11 Crucial Checks Before Buying Property from a Developer in India

Imagine the excitement of finally owning your dream apartment or that perfect commercial space for your business. But before you get swept away in the joy of possession, remember – buying property in India, especially from a developer, requires caution. Unfortunately, unforeseen issues can turn your dream into a nightmare.

This guide empowers you, the buyer, with 11 crucial checks to perform before signing on the dotted line. By following these steps, you can make an informed decision and safeguard your hard-earned investment.

Buyer Empowerment: 11 Due Diligence Steps

Investing in property from a company in India is a significant decision. Here are 11 essential checks to perform due diligence and protect your interests:

  1. Verify Developer Credentials: Research the developer’s track record. Look for completed projects, customer reviews, and any pending legal disputes.
  2. Scrutinize Legal Documents: Meticulously examine the sale agreement, land title deeds, and approvals. Ensure clarity on ownership, permissions, and any restrictions on the property. Consult a lawyer to understand the legal implications of each document.
  3. Land Approvals and Clearances: Verify that the developer has obtained all necessary approvals from local authorities, including building permits, environmental clearances, and occupancy certificates.
  4. Project Plans and Specifications: Carefully review the project plans and specifications outlined in the brochure and agreement.
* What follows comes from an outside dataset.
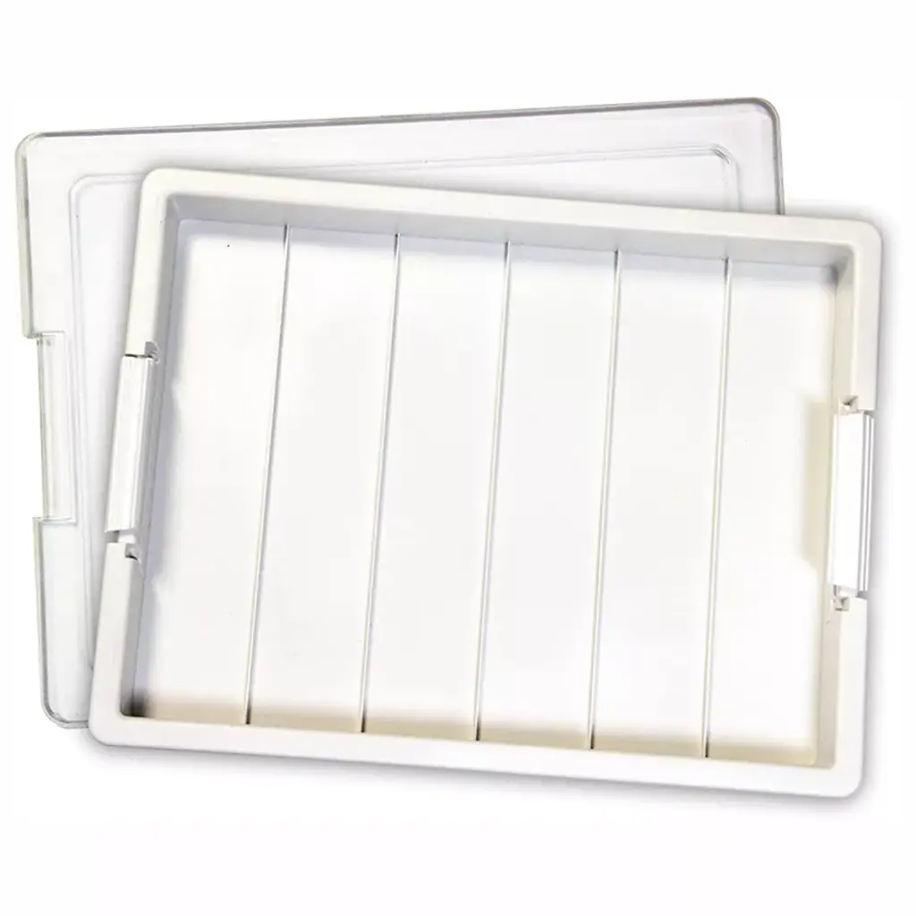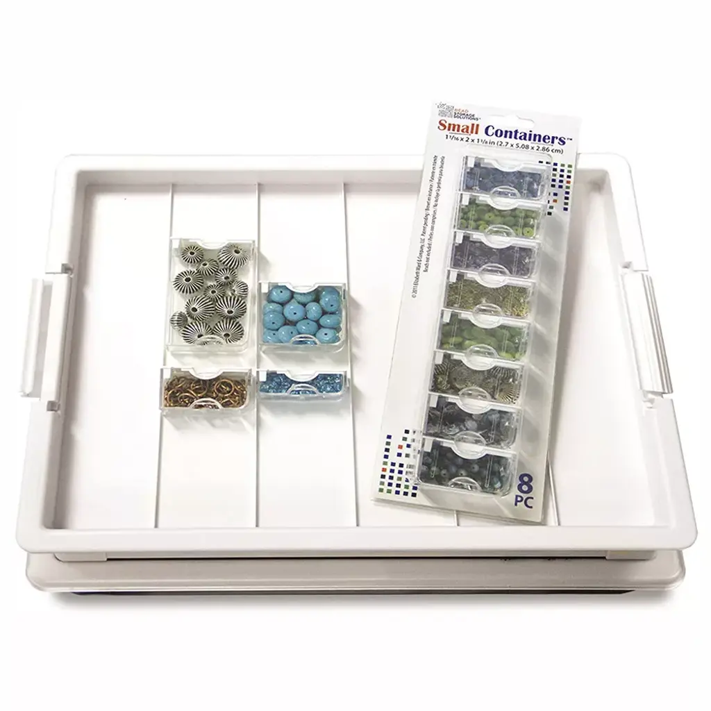 Keep your beads, clasps, and other jewelry and craft supplies organized with the 2-pack Bead Storage Solutions Plastic Organizer Tray with Lid. This bead storage tray comes with a clear plastic snap-on lid. The empty tray lets you decide which containers or divider to use to sort your jewelry-making supplies, beads, and more. The bead organizer box helps keep your workspace neat and clean. The clear, snap-shut lid makes it easy for you to see all of your beads and supplies without having to open the box. You can stack the organizer trays for easy storage. Take them with you to craft shows, studios, and more to continue working on your projects. The bead organizer tray can also be used to store craft supplies and scrapbooking supplies. No matter what you like to create, keep small crafting supplies sorted and organized in 1 convenient spot with the Bead Storage Solutions 2 Piece Plastic Organizer Tray with Lid.

Ensure they match what is being offered and understand the quality of materials promised.
  5. Payment Schedule Transparency: Request a clear and transparent payment schedule. Be wary of developers demanding a significant upfront payment, and opt for a secure payment gateway.
  6. Financial Stability of the Developer: Assess the developer’s financial health to minimize the risk of project delays or abandonment. Look for signs of a strong financial track record and ongoing projects.
  7. Site Visit and Verification: Conduct a thorough site visit to assess the progress of construction, the quality of work, and the surrounding infrastructure. Ensure the timeline for completion aligns with the information provided.
  8. RERA Registration: Verify that the project is registered under the Real Estate Regulation and Development Act (RERA). This ensures a level playing field and protects your rights as a buyer.
  9. Understand Hidden Costs: Factor in additional costs beyond the base price, such as parking charges, maintenance fees, club membership fees (if applicable), and any taxes associated with the property.
  10. Clarity on Possession Date: Obtain a clear and realistic timeline for possession of the property. Be wary of unreasonable delays and understand the consequences outlined in the agreement for missed deadlines.
  11. Form a Buyer’s Association: Consider forming an association with other buyers in the project. This collective voice can be helpful in addressing concerns and ensuring transparency from the developer.


By following these 11 due diligence steps, you can approach buying property from a company in India with more confidence. Remember, knowledge is power.

Investing time in thorough research and verification can prevent you from falling prey to unforeseen issues and protect your investment for a secure and prosperous future.